Mirror, mirror on the wall...

I looked at myself and I see again my rounded belly and my big smile saying: "Hey, hello, we are here again! Pregnant"..
I know its already 25 weeks but sometimes it doesn't really "hit you" at the beginning... Sometimes you need time to realize an event it's happening to you!
I'm pregnant? Am I? .... for real? again?
Well, yes I am and for the third time a little human being is growing inside me...
Yes, I have being there already, so I should know what to expect, right? or not? or sort of?...
Well, truth is I had walked this way before, but as if it was my first time I have fears, and hopes and all the questions in the world... How would you look like? (probably like your sisters of course!), or not?... What if this time you look like me? What if your are different, What if you come earlier, What if you are chubbier, or grumpier? What kind of voice you'll have? What cute smile you will give me?
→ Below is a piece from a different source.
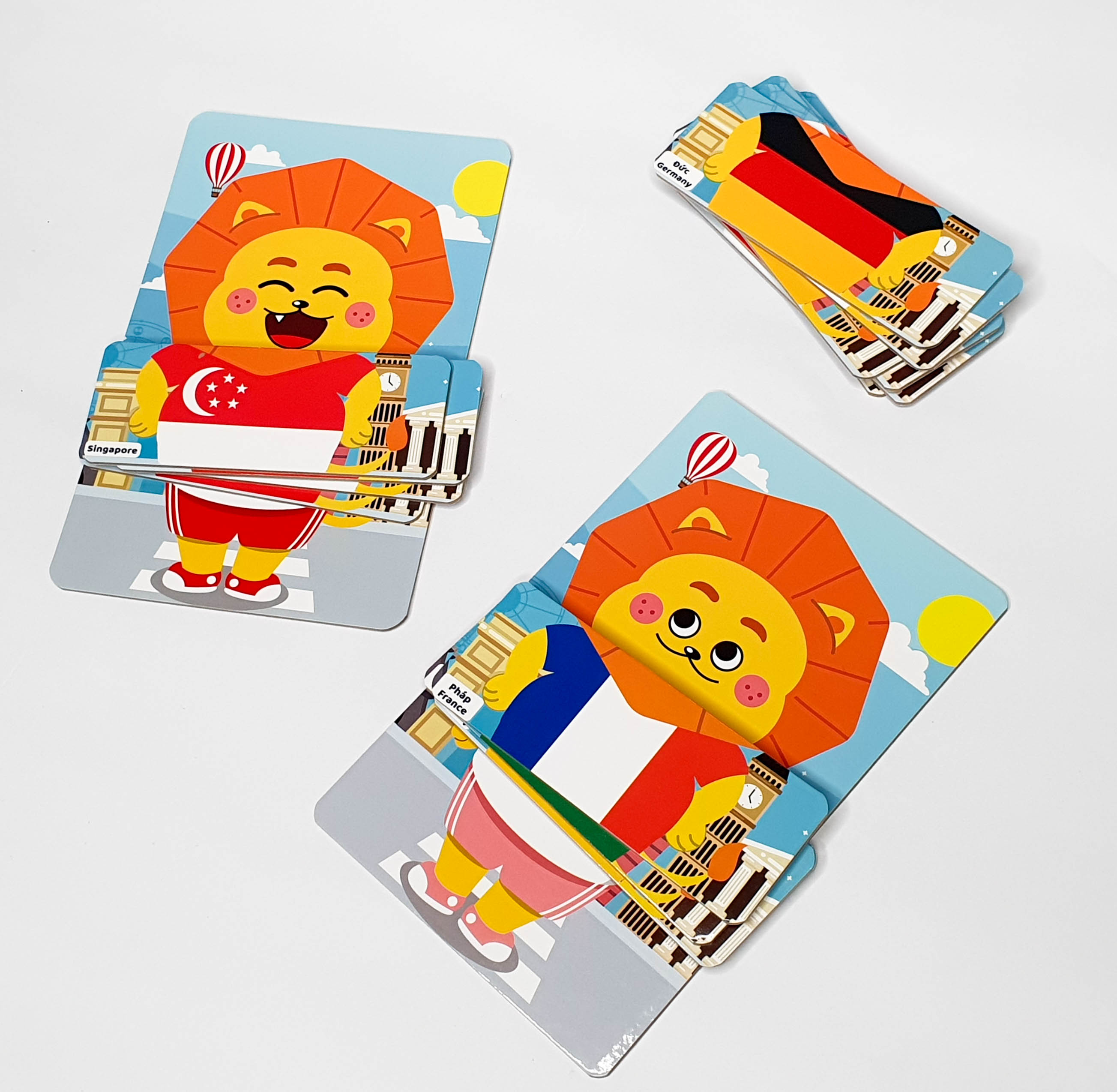 Công ty phát hành: Manabee. Chất liệu: Giấy bồi nhiều lớp an toàn cho bé. Nội dung: 4 bảng sư tử. 40 thẻ cờ các nước. Kích thước: 25x20x4 cm Năm xuất bản: 10/2020 Hướng

What if, What if....???

Third time sound like a lot of experience, but deep inside; my belly is new to you, and I love that, we are new to each other, this is a new experience for both, you are different and especial just like your sisters...you kick different and you so far are much more active that Sophie & Stellita were in my belly, I don't care how "experienced" is a women with having children, every time it feels like new, like I never knew anything of motherhood... of course technical things are alike, but you can get surprises and have your world rocked and everything that you thought you knew and had "under control" it can change with every pregnancy.
I can't wait to meet you and learn from and about you.
You will be my last child (I promise)  and like that last bite you try from your favorite dish I want to savor you, I want to keep you in my memory and remember how good (and sometimes bad) it felt to be pregnant, be a women and be an expecting mom.
I can't be more gratefully for this new blessing in my life as a women.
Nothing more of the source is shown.